STATE OF MINNESOTA IN COURT OF APPEALS
Dec 14, 2020
A19-1616 (Minn. Ct. App. Dec. 14, 2020)

Opinion

A19-1616

12-14-2020

State of Minnesota, Respondent, v. Antwan Darnell Cosey, Appellant.

Keith Ellison, Attorney General, St. Paul, Minnesota; and Michael O. Freeman, Hennepin County Attorney, Nicole Cornale, Assistant County Attorney, Minneapolis, Minnesota (for respondent) Cathryn Middlebrook, Chief Appellate Public Defender, Steven P. Russett, Assistant Public Defender, St. Paul, Minnesota (for appellant)

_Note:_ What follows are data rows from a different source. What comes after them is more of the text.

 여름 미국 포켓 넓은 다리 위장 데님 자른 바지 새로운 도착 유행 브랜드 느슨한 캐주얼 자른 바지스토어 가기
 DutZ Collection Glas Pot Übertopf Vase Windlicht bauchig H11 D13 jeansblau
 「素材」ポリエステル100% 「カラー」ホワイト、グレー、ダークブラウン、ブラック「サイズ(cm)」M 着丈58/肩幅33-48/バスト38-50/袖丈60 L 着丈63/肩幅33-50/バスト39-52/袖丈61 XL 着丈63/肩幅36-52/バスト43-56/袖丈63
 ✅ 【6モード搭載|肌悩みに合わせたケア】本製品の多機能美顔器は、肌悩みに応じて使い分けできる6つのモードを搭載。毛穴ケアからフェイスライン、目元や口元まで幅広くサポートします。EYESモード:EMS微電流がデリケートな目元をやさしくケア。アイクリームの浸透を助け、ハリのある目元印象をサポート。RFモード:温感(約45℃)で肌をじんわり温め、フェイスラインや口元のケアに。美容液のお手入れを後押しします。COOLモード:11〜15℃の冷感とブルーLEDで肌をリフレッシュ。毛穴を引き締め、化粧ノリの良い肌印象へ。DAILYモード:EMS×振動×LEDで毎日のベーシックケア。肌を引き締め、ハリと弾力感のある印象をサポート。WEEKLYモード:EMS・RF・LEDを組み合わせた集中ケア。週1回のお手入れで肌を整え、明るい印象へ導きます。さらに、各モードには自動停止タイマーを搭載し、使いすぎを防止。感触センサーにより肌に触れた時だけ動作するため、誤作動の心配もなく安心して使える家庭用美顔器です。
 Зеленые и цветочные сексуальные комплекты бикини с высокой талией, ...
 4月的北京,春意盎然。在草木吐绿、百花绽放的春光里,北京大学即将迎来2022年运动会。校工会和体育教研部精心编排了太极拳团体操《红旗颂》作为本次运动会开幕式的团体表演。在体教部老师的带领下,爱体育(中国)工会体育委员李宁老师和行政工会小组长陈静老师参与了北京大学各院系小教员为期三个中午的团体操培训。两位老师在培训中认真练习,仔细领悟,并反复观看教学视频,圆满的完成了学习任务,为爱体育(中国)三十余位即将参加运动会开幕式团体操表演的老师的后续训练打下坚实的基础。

This opinion will be unpublished and may not be cited except as provided by Minn . Stat. § 480A.08, subd. 3 (2018). Affirmed
Slieter, Judge Hennepin County District Court
File No. 27-CR-18-6128 Keith Ellison, Attorney General, St. Paul, Minnesota; and Michael O. Freeman, Hennepin County Attorney, Nicole Cornale, Assistant County Attorney, Minneapolis, Minnesota (for respondent) Cathryn Middlebrook, Chief Appellate Public Defender, Steven P. Russett, Assistant Public Defender, St. Paul, Minnesota (for appellant) Considered and decided by Slieter, Presiding Judge; Bratvold, Judge; and Cochran, Judge.

UNPUBLISHED OPINION

SLIETER, Judge

In this direct appeal from the judgment of conviction, appellant challenges his second-degree murder conviction on the ground that the district court impermissibly instructed the jury on the order in which to consider the offenses and improperly excluded evidence necessary to his claim of self-defense. Because appellant's substantial rights were not affected by the district court's error in its instruction to the jury and appellant was not prejudiced by the district court's evidentiary rulings, we affirm.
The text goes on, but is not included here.